» The input:
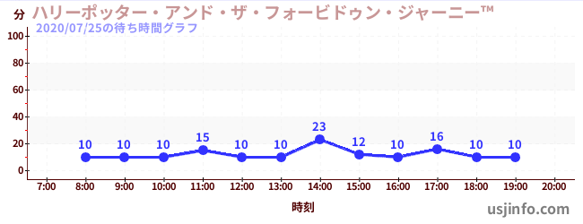 • ハリーポッター・アンド・ザ・フォービドゥン・ジャーニー™$B$N(B2020年07月25日の待ち時間
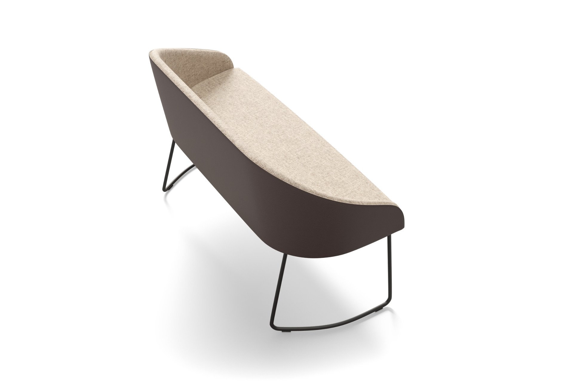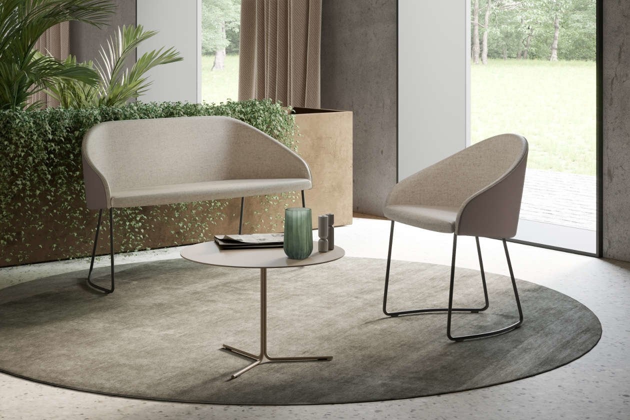 Het onderstel van deze 2-zitsbank betreft een slede. Dit onderstel kan een zwarte, witte of chroom kleur hebben.
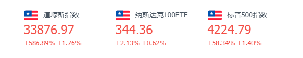 周一(6月21日),道指涨586.89点,或1.76%,报33876.97点;纳指涨111.10点,或0.79%,报14141.48点;标普500指数涨58.34点,或1.40%,报4224.79点。
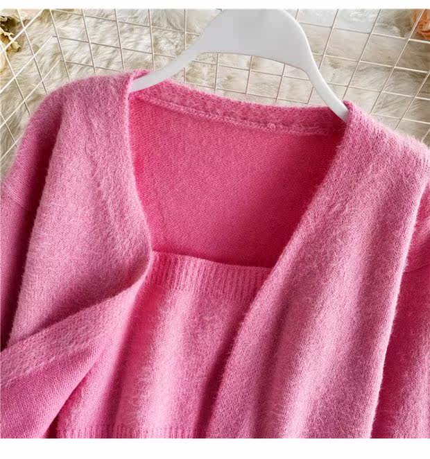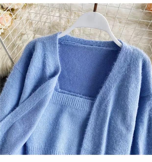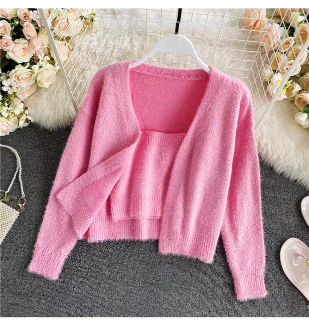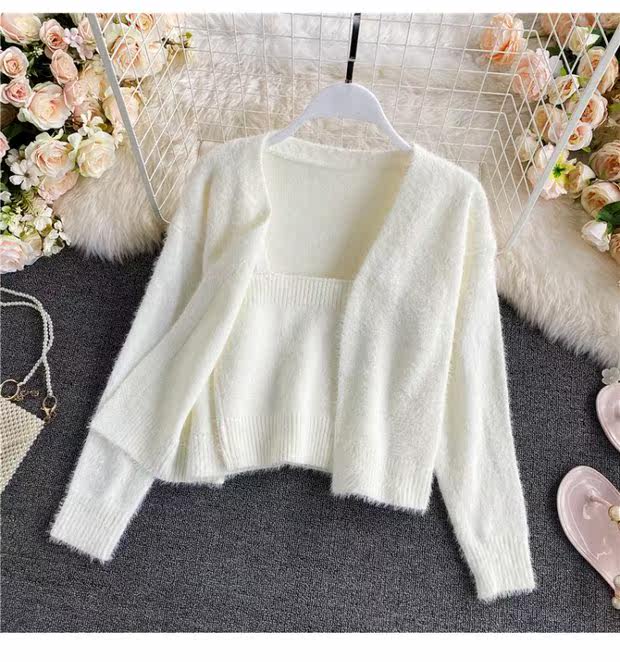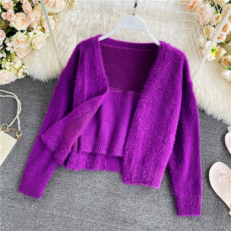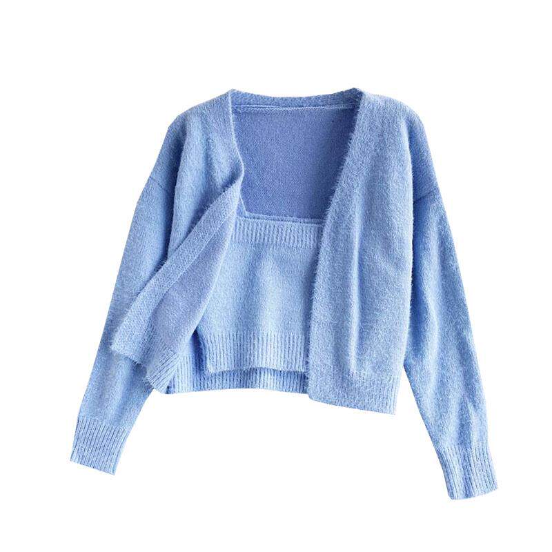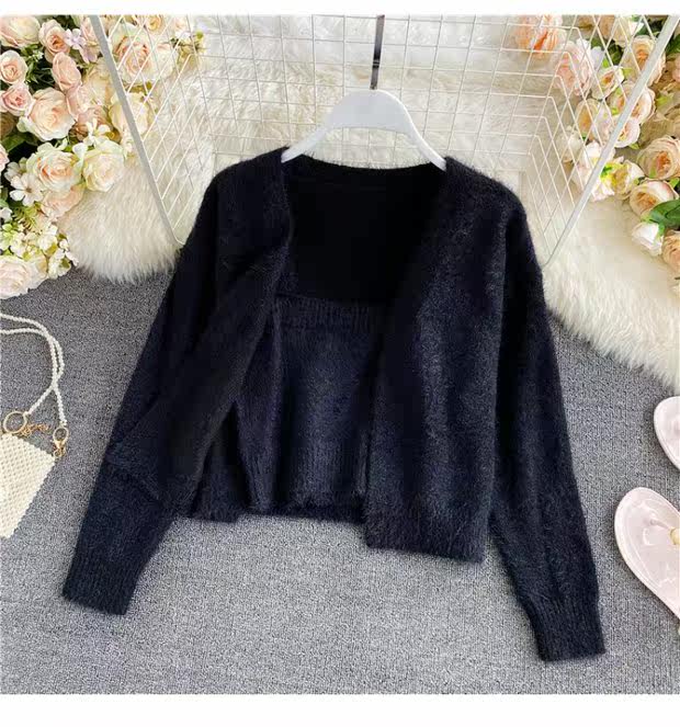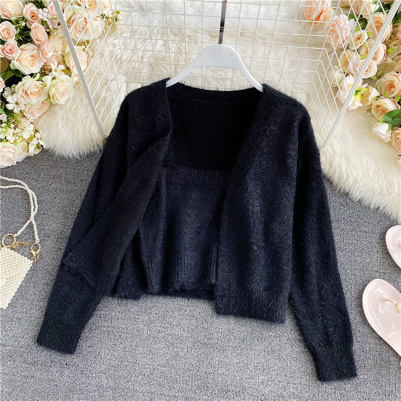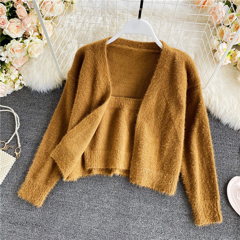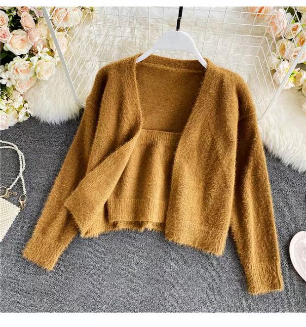 Демисезонный короткий бюстгальтер-топ, топ с чашечками, комплект, свитер, кардиган, в западном стиле
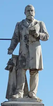 The lifelike statue stands larger-than-life at approximately 2 metres (6 ft 7 in) in height. It is carved of a fine white marble. The figure stands as if addressing an assembly, with right hand extended and a manuscript in the left hand. The head is bare, and the figure is clothed in conventional 19th century morning costume.[1]
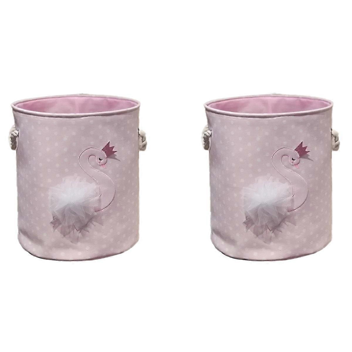 2X Dirty Laundry Basket Pink Swan Organizer Basket Drawstring Storage Baskets for Toys Books D35XH4
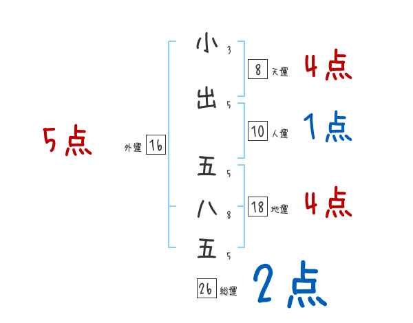 小出五八五さんの画数の鑑定結果
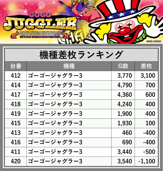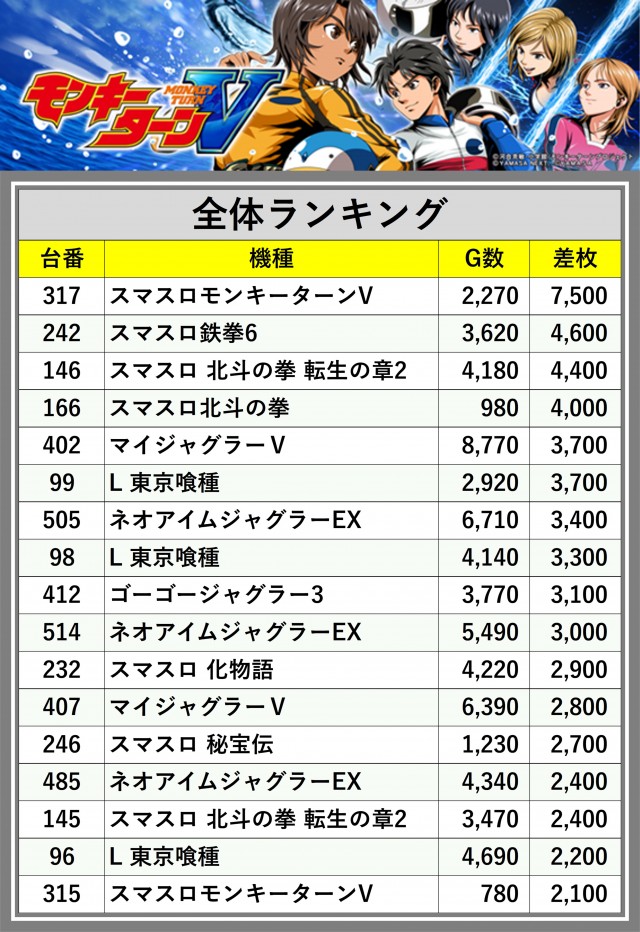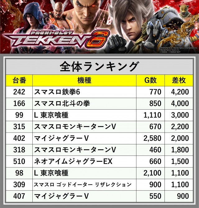 厳選された取材対象機種をはじめ、その他スロット全体から好記録が飛び出した!プレイヤーが楽しんだ1日を下記データにて振り返ってみて欲しい。
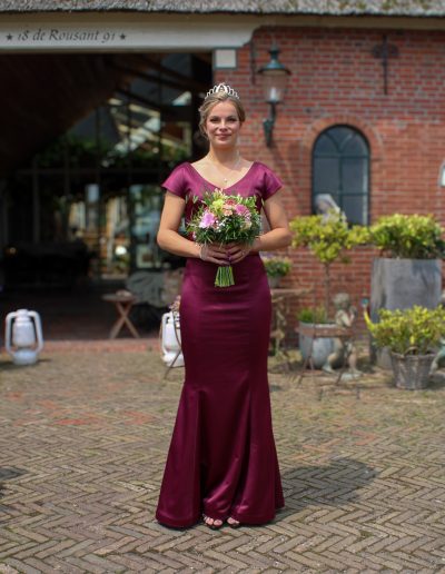 Bij dit maatwerkproject staat een koninklijke uitstaling centraal. De Garnalenkoningin bedenkt vooraf ideeën over haar outfit en kleur; waarna ik een ontwerp ontwikkel. De stofkeuze en uitstraling worden zorgvuldig op elkaar afgestemd. In een later stadium worden ook de hofdames en het bloemenmeisje betrokken, zodat hun wensen meegenomen kunnen worden en er een harmonieus, feestelijk geheel ontstaat.
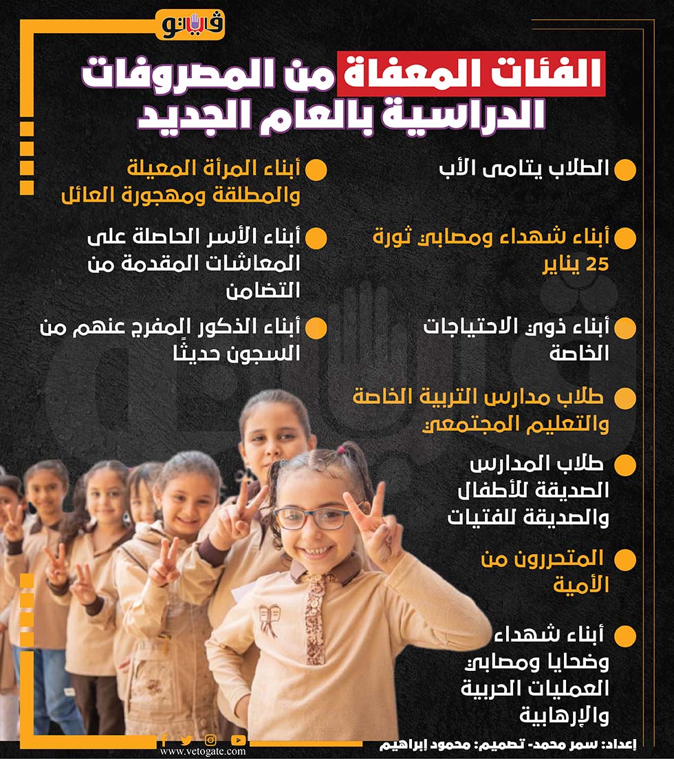 وجاءت الفئات المعفاة من المصروفات الدراسية بالعام الجديد كالتالي:
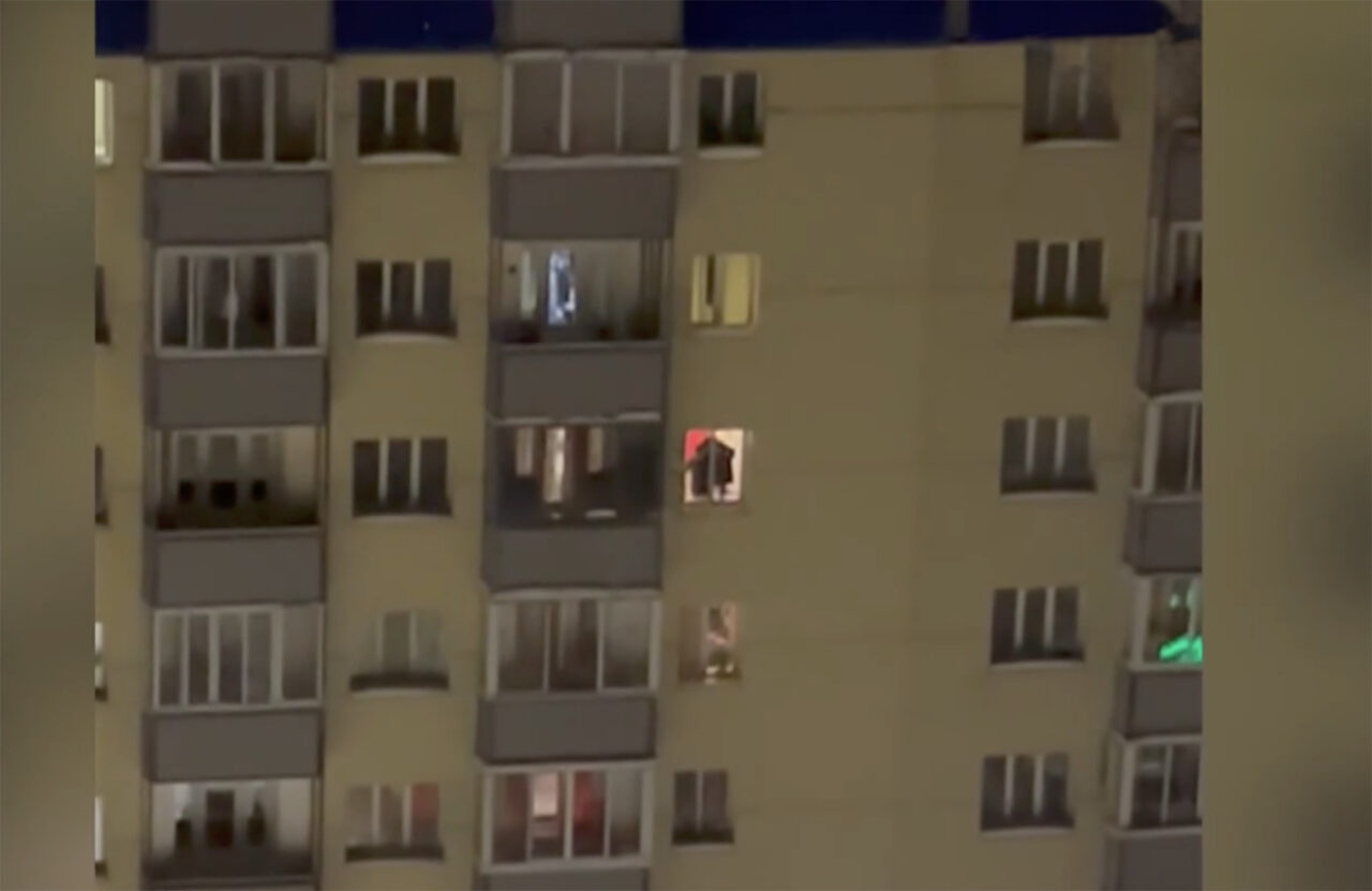 «Блядь, че делает, смотри», — произносит мужчина. «Ой, е-мае» — это уже женский голос. Пара снимает на видео соседний дом — в открытом настежь окне на пятом этаже, пошатываясь, стоит человек. Темный силуэт болтает ногой в воздухе, затем спрыгивает обратно в квартиру.

» What is expected: From the line that holds "小出五八五さんの画数の鑑定結果" down to the last line of the material above, every line is to be copied exactly, both ends included; pictures are to be omitted.

» Response area:
 小出五八五さんの画数の鑑定結果
 厳選された取材対象機種をはじめ、その他スロット全体から好記録が飛び出した!プレイヤーが楽しんだ1日を下記データにて振り返ってみて欲しい。
 Bij dit maatwerkproject staat een koninklijke uitstaling centraal. De Garnalenkoningin bedenkt vooraf ideeën over haar outfit en kleur; waarna ik een ontwerp ontwikkel. De stofkeuze en uitstraling worden zorgvuldig op elkaar afgestemd. In een later stadium worden ook de hofdames en het bloemenmeisje betrokken, zodat hun wensen meegenomen kunnen worden en er een harmonieus, feestelijk geheel ontstaat.
 وجاءت الفئات المعفاة من المصروفات الدراسية بالعام الجديد كالتالي:
 «Блядь, че делает, смотри», — произносит мужчина. «Ой, е-мае» — это уже женский голос. Пара снимает на видео соседний дом — в открытом настежь окне на пятом этаже, пошатываясь, стоит человек. Темный силуэт болтает ногой в воздухе, затем спрыгивает обратно в квартиру.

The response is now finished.